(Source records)
+===+

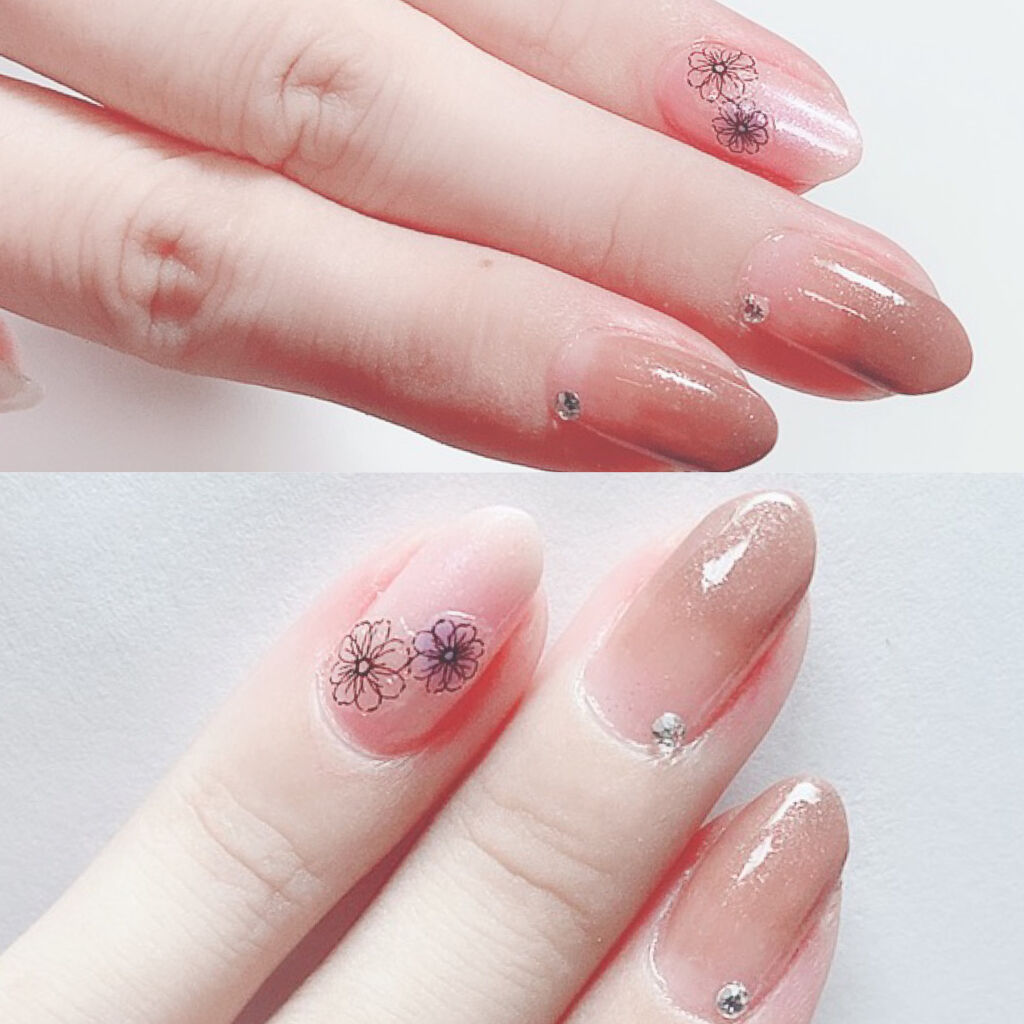 CANMAKEのオールスター揃いで、ナチュラルなデートネイルにしたよ♡今日は相方の母とデート❤そんな時はふんわりやさしいカラーと少しのオシャレ感出したいっ!!グラデーションは手が込んでる風が出せるので、簡単に手早く出来るファンデーションカラー...
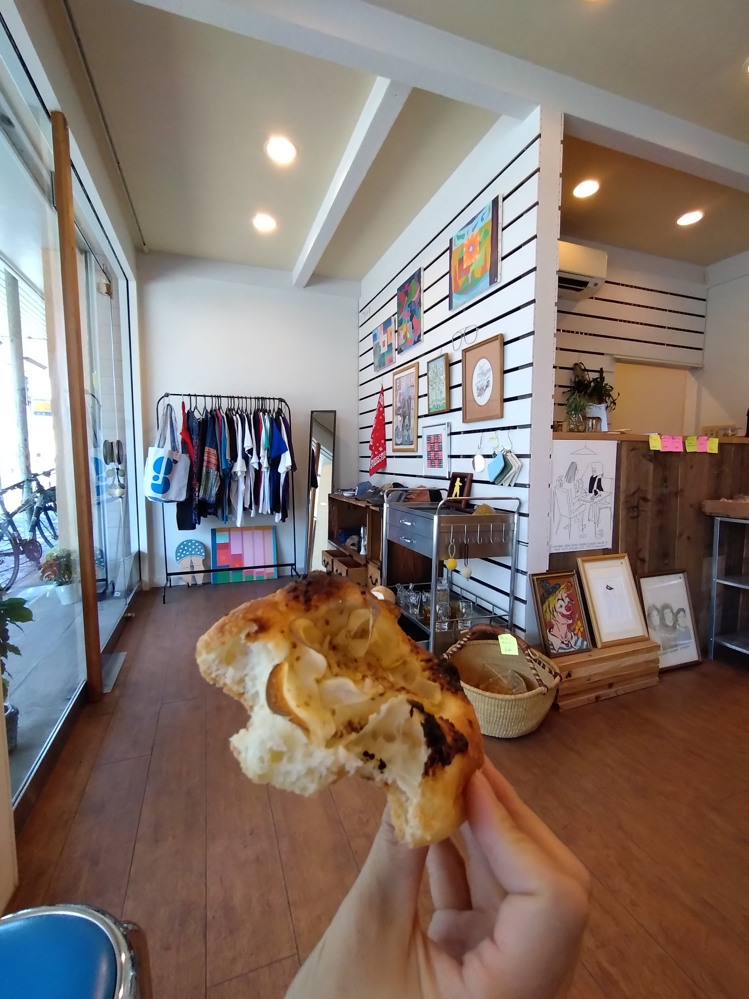 と、いう話から始まり、会話は弾みました。私が、実はななばけさんを市内で自転車で行き交っているのをよく見かけるというと、市内を車で移動するのが煩雑だと思っていて、なので自転車の方が楽と思ってますと。出店でパンを運ぶ時もそんなに遠くなければカゴや荷台のバックに詰めて運ばれるそうです。ななばけさんのパンは生地が味わい深く嚙みしめられるので好きですが、パンをあの自転車(なかなか年季の入ったいいかんじの自転車です)で運ばれるところをイメージするとまた好感度が増してしまい美味しさもアップしました。
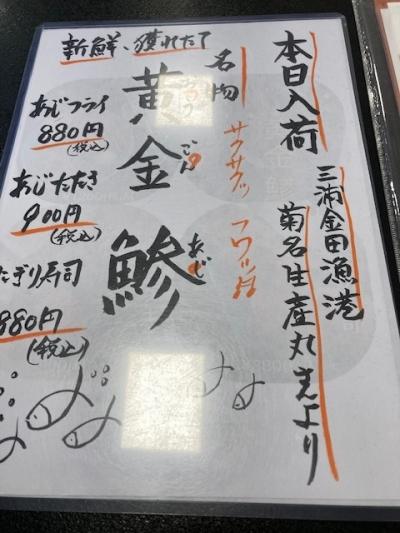 • ソレイユの丘に行ったあと、ランチで立ち寄りました。「黄金アジ」絶品です!
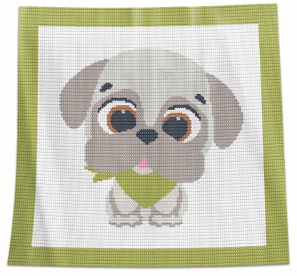 This pattern is available for instant download as a PDF file. It includes basic instructions on how to make a blanket body that are written in both British and American crochet terms. However, to add a design you will need to follow a colour chart that represents an entire blanket body piece.
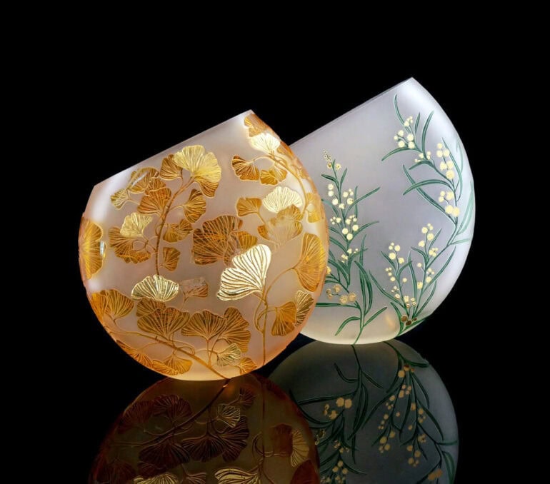 Jessica Murtagh is a South Australian glass artist whose practice combines traditional glassblowing with illustration. She uses a modern take on the ancient style of glass carving called cameo glass, employing illustration software and industrial sandcarving processes to engrave glass. She holds a Master of Design (Contemporary Art) from the University of South Australia. Working primarily with blown glass, Jessica uses sandcarving and engraving to create intricate imagery and layered narratives on vessel forms that range from sculptural to functional.
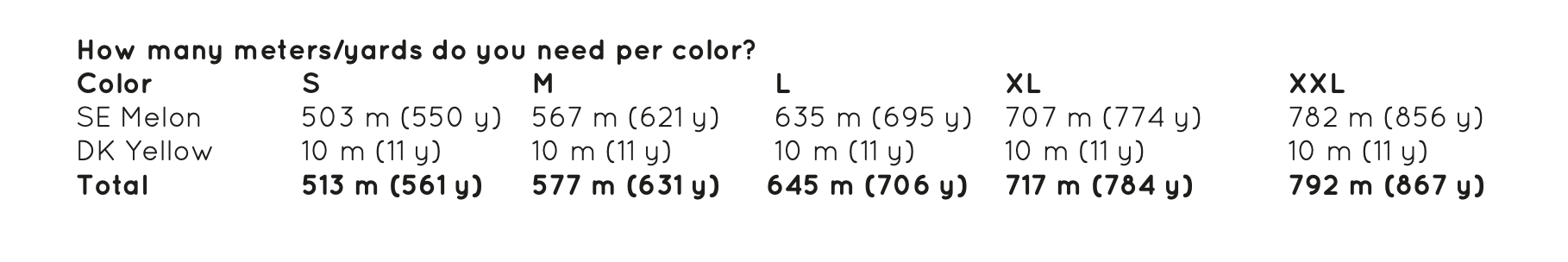 How much yarn do you need, based on the colors in the picture for size S & M ( L & XL, XXL):
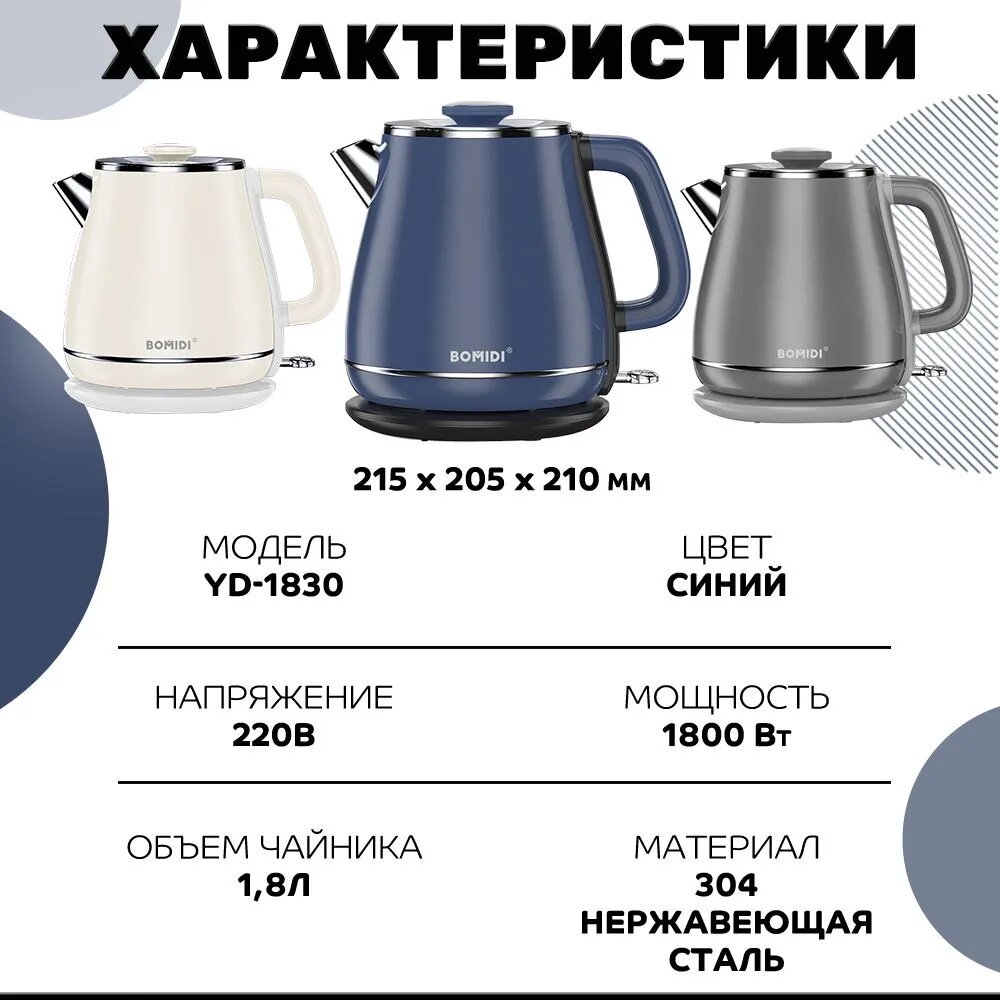 Электрический чайник BOMIDI BMD1830, 1,7 л, 1500 Вт, синий,вкладыш из нержавеющей стали 304
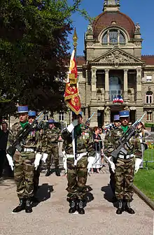 - Décision no 12350/SGA/DPMA/SHD/DAT du 14 septembre 2007 relative aux inscriptions de noms de batailles sur les drapeaux et étendards des corps de troupe de l'Armée de terre, du service de santé des armées et du service des essences des armées, Bulletin officiel des armées, no 27, 9 novembre 2007
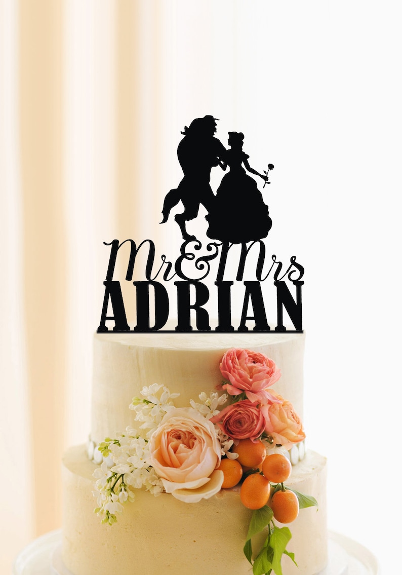 Beauty And The Beast Wedding Cake Topper Personalized Cake Topper Mr And Mrs Cake Topper Customized Last Name Topper
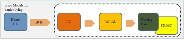 为了提升护理服务效率降低人力成本,美国养老社区发展逐渐集约化,社区一般由“独立型老人公寓”、“辅助型老人公寓”、“老人康复院/护理院”组成,老人在身体状况和自理能力变化时,搬入不同的公寓。由于美国移民观念的影响,美国人接受采取多次“搬家”进行养老的形式。
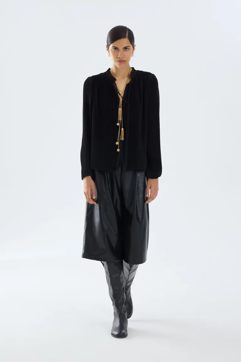 Top de calce amplio con mangas largas estilo balloon. Presenta un escote ligeramente en v con un delicado lazo en el cuello. Una prenda versátil ideal para integrar en looks cotidianos o eventos especiales, destacándose por su caída y textura sutil.

+===+

All lines above starting at the one with "と、いう話から始まり、会話は" and ending at the one with "This pattern is", inclusive, are to be printed again exactly, with the pictures left out.

#### TASK ANSWER:
 と、いう話から始まり、会話は弾みました。私が、実はななばけさんを市内で自転車で行き交っているのをよく見かけるというと、市内を車で移動するのが煩雑だと思っていて、なので自転車の方が楽と思ってますと。出店でパンを運ぶ時もそんなに遠くなければカゴや荷台のバックに詰めて運ばれるそうです。ななばけさんのパンは生地が味わい深く嚙みしめられるので好きですが、パンをあの自転車(なかなか年季の入ったいいかんじの自転車です)で運ばれるところをイメージするとまた好感度が増してしまい美味しさもアップしました。
 • ソレイユの丘に行ったあと、ランチで立ち寄りました。「黄金アジ」絶品です!
 This pattern is available for instant download as a PDF file. It includes basic instructions on how to make a blanket body that are written in both British and American crochet terms. However, to add a design you will need to follow a colour chart that represents an entire blanket body piece.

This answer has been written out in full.